• _Exercise_: For this item, repeat the material exactly while omitting its pictures.

• _Data shown_:
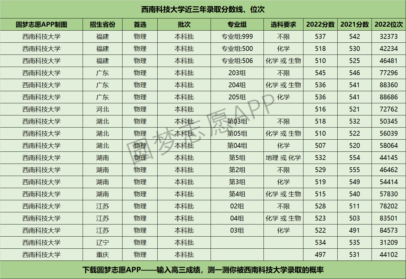 三、西南科技大学近年录取分数线及位次【首选物理版】
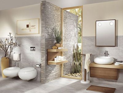 墻面的處理方式應(yīng)該是盡可能地富有想像力,要不就盡量求簡。在水泥墻上涂上一層油漆會(huì)使浴室增添暖度,而馬賽克玻璃磚,刻花磁磚,甚至板舌以及凹槽處理都能使墻壁的設(shè)計(jì)更為有趣。
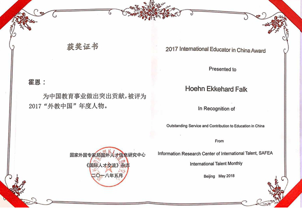 On May 24th, Professor Hoehn Ekkehard Falk, vice president of Hefei University and the winner of "2014 Friendship Award" (China’s highest honor granted to foreigners), is granted the 2017 International Educator in China Awardby the State Administration of Foreign Expert Affairs (SAFEA).
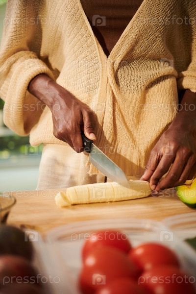 Женщина, режущая бананы

• _Response below_:
 三、西南科技大学近年录取分数线及位次【首选物理版】
 墻面的處理方式應(yīng)該是盡可能地富有想像力,要不就盡量求簡。在水泥墻上涂上一層油漆會(huì)使浴室增添暖度,而馬賽克玻璃磚,刻花磁磚,甚至板舌以及凹槽處理都能使墻壁的設(shè)計(jì)更為有趣。
 On May 24th, Professor Hoehn Ekkehard Falk, vice president of Hefei University and the winner of "2014 Friendship Award" (China’s highest honor granted to foreigners), is granted the 2017 International Educator in China Awardby the State Administration of Foreign Expert Affairs (SAFEA).
 Женщина, режущая бананы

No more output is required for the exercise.